One of the five best defensive players in basketball history will be enshrined in the Hall of Fame this summer. While many of you hear the name “Dennis Rodman” and immediately think “cross-dressing train wreck”, those of us that followed basketball in the late Eighties and most of the Nineties (hopefully) feel differently.

Rodman was, basically, a freak of nature. Drafted at age 25 out of Southeastern Oklahoma State University, he didn’t follow the typical trajectory of a basketball stud. Only 6’7″ (Wikipedia lists him at 6’6″, so who knows?), the man they called The Worm was a rebounding machine, leading the league in that category for seven years straight. Like similar small enforcers like Charles Barkley and Charles Oakley, Rodman had a way of getting in your head and was able to defensively shut down the cream of the NBA crop. Unlike Barkley and Oakley, though, Rodman has a championship ring. Um, make that five championship rings. He won two as part of the “Bad Boys”-era Detroit Pistons at the close of the Eighties,  and later he joined forces with Michael Jordan and Scottie Pippen on a virtually unstoppable Chicago Bulls team in the late Nineties for another three.

Of course, shutting down opposing players and grabbing boards like Pac-Man wasn’t the only thing Rodman became known for. Already having gained a bit of a rep as a loose cannon following comments he and teammate Isiah Thomas made about Larry Bird following a playoff loss in the late-Eighties, Rodman really cut loose in the early Nineties-dyeing his hair several different colors (sometimes all at once), dating Madonna during a period when it seemed like she was being passed around like a blunt, and performing outlandish antics like showing up for a book signing in a bridal gown. He ushered the tattoo era into the NBA, and stood up for causes like gay rights when no professional player would go near those topics (come to think of it, most still won’t).  I admired (and still admire) the guy not only because of his play, but because he was ballsy enough to be himself in a league that prides itself on conformity. He was one of the most successful players of his era and still was very much his own person. For someone who was trying to figure out a way to be successful and retain his individuality, he was an inspiration. On a more sinister tip, though, Rodman is widely credited with being at odds with San Antonio Spurs coach Gregg Popovich in the mid Nineties and blowing up the chemistry of a championship-caliber team, he had an unnecessary encounter with a courtside cameraman that earned him a lengthy suspension (and probably cost the cameraman the use of his balls for a few months), and has been widely credited as being a general menace. However, the fact that he made one of the most awful films of all time (“Double Team”) makes up for some of those transgressions. Right?
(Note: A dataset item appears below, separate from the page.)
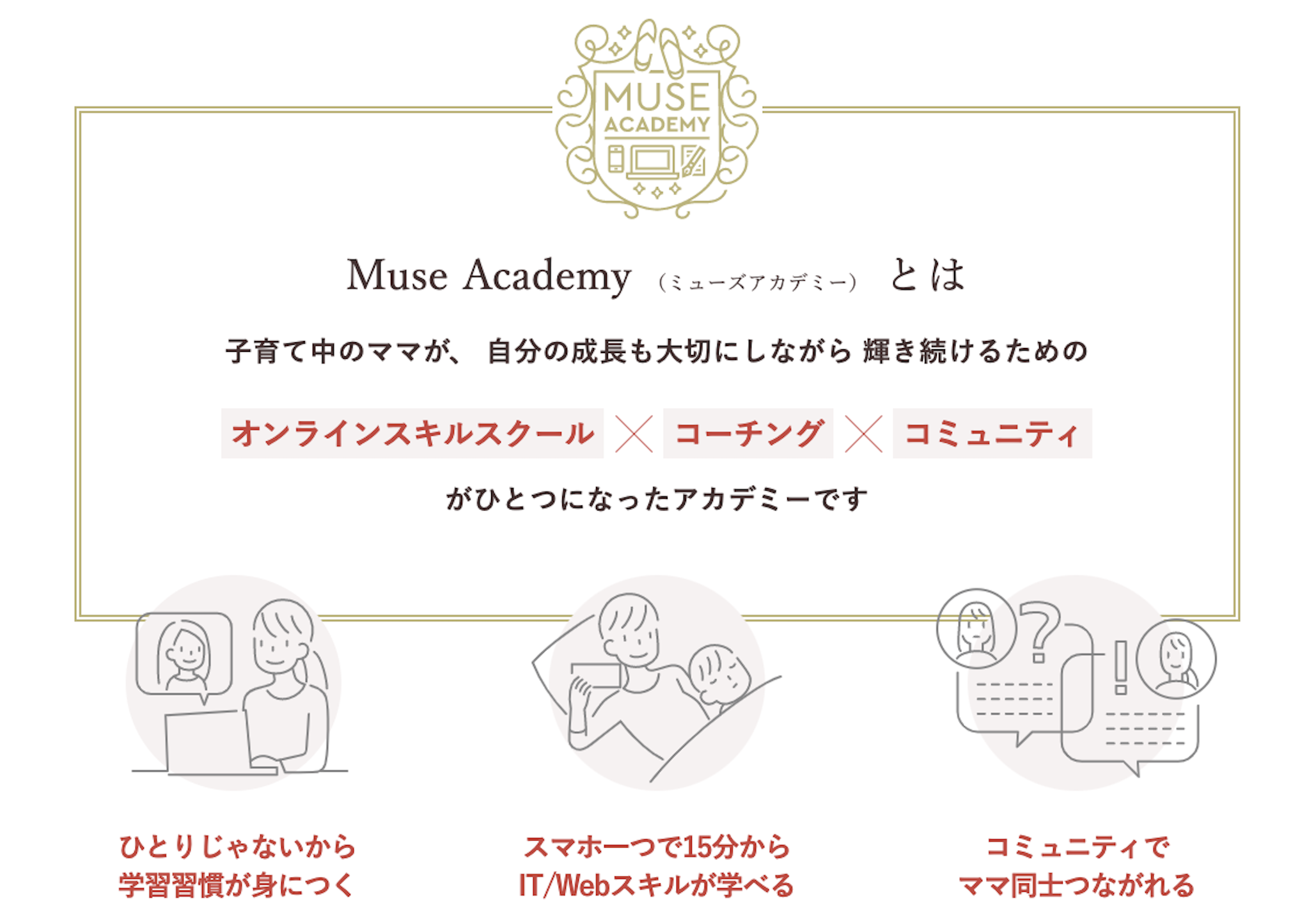 こんなママたちならではの悩みを受けて、2019年の春にWeb系ママのためのオンラインコミュニティ「Muse Academy」が誕生しました。

Since Rodman’s retirement, he’s had a tough time adjusting, or some might say he’s just continued being a menace. He’s a veteran of several reality shows, including “Celebrity Mole” (which he won), and more unfortunately, “Celebrity Rehab”. He was married to bombshell Carmen Electra for about a minute, and has found himself on the police blotter on a couple of occasions. Of course, Gestapo-like NBA commissioner David Stern has no use for Rodman, which might be why he hasn’t found himself jumping into telecasting or a front office job (seriously-can you imagine how much fun Dennis would be as a play-by-play guy? They’d have to put the games on 5-second delay!), but maybe the Hall of Fame nod can help Rodman turn things around. One can only hope that the recognition from the league and his peers means something to him.